§ **Exercise prompt**:
If a line below falls between the line with "SURBIR 99,000 ON 26 OCT" and the line with "Дополнение для сборных", or is one of those two, output it exactly; output nothing else and no pictures.

§ **Excerpted records**:
┌──
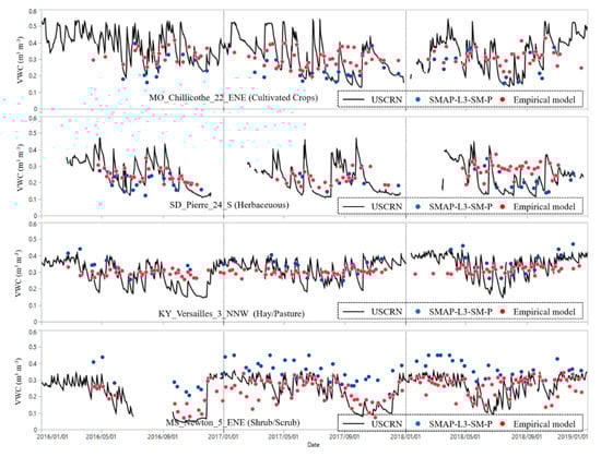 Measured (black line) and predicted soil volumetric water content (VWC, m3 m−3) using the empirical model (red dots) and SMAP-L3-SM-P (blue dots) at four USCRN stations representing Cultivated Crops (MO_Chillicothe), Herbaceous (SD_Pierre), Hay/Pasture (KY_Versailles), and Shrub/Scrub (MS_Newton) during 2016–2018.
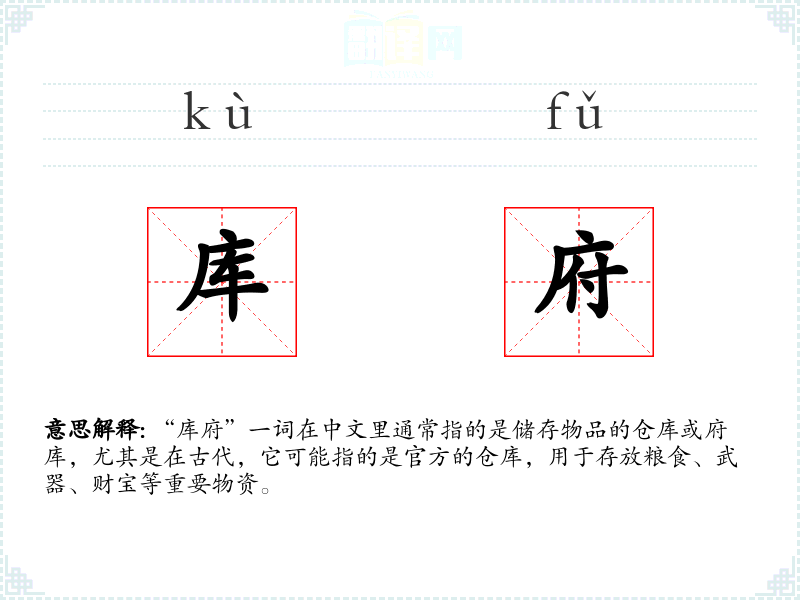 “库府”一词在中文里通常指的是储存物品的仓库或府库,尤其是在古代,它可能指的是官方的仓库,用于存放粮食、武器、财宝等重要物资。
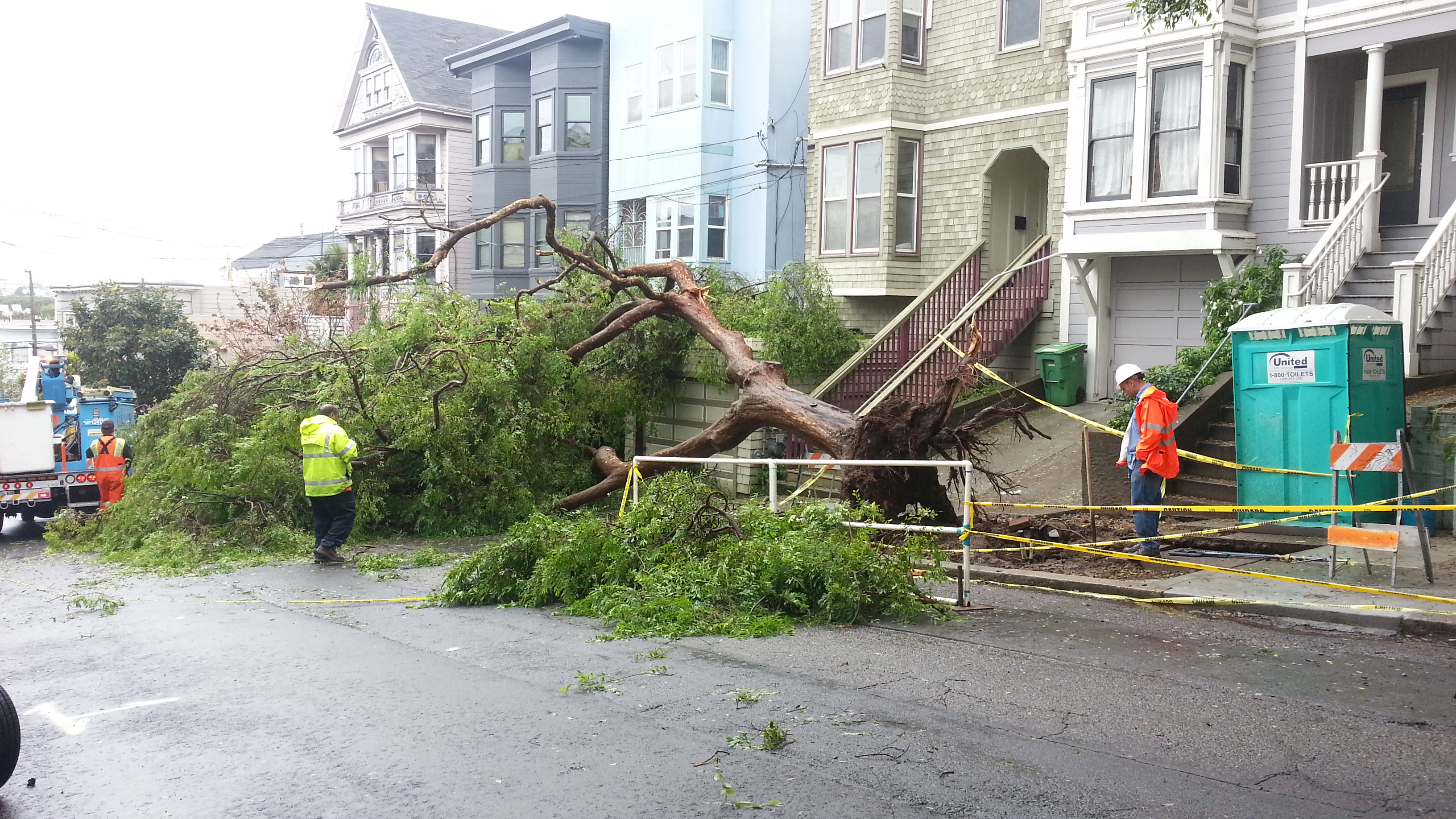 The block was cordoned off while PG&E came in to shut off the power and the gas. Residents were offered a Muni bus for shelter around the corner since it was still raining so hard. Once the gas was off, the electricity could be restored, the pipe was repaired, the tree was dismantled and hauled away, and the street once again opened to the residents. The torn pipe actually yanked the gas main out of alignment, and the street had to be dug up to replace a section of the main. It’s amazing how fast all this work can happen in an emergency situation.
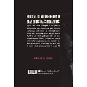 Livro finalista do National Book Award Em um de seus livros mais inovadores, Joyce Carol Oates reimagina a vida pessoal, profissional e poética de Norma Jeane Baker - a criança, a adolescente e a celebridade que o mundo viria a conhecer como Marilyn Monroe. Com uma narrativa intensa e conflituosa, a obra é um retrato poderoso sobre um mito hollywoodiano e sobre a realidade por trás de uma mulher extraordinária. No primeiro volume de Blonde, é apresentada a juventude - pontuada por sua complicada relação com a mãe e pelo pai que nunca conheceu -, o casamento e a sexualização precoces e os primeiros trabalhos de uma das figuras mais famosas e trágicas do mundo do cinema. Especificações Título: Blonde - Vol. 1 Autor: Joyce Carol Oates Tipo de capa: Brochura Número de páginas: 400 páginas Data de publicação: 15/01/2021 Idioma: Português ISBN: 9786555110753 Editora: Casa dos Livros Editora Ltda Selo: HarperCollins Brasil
└──
┌──
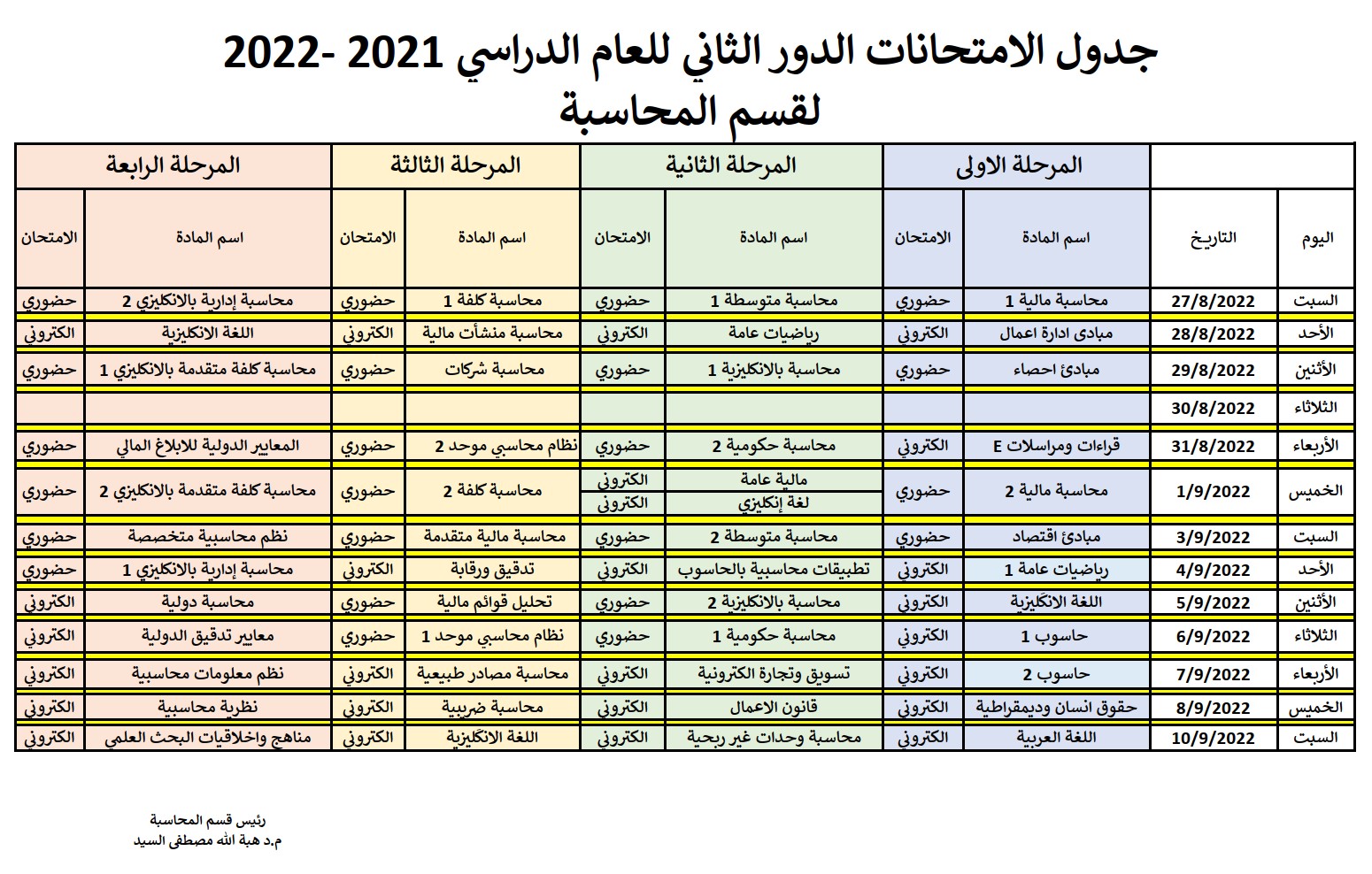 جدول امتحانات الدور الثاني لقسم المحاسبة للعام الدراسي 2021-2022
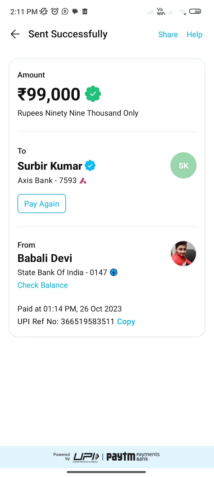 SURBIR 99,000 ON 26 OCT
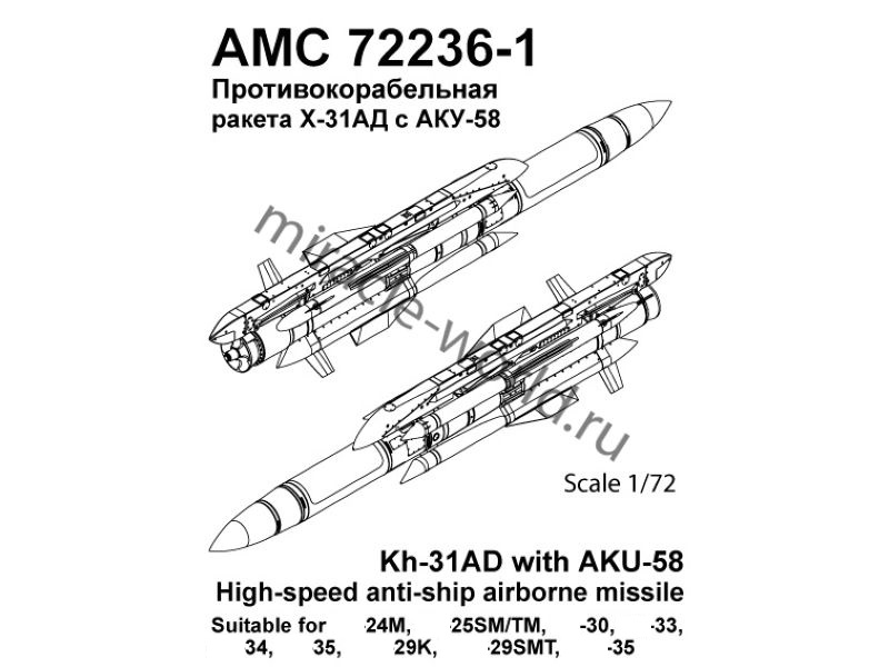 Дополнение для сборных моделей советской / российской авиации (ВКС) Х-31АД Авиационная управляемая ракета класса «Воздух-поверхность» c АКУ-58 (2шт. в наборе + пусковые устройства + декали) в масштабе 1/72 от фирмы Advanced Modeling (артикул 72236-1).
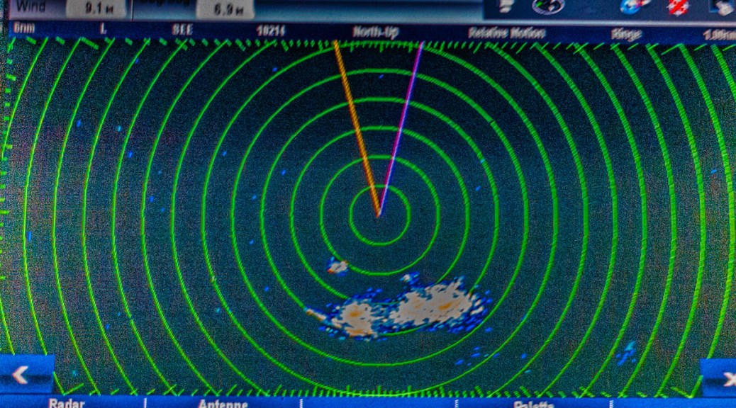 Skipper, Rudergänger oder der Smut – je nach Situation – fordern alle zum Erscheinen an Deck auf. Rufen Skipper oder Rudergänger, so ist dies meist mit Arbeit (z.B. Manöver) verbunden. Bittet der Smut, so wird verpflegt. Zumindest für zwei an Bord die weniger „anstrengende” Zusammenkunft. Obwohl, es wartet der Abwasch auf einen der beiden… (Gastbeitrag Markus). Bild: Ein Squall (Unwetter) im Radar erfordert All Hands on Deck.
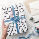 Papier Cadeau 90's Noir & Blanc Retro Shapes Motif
└──
§ **Exercise result**:
 SURBIR 99,000 ON 26 OCT
 Дополнение для сборных моделей советской / российской авиации (ВКС) Х-31АД Авиационная управляемая ракета класса «Воздух-поверхность» c АКУ-58 (2шт. в наборе + пусковые устройства + декали) в масштабе 1/72 от фирмы Advanced Modeling (артикул 72236-1).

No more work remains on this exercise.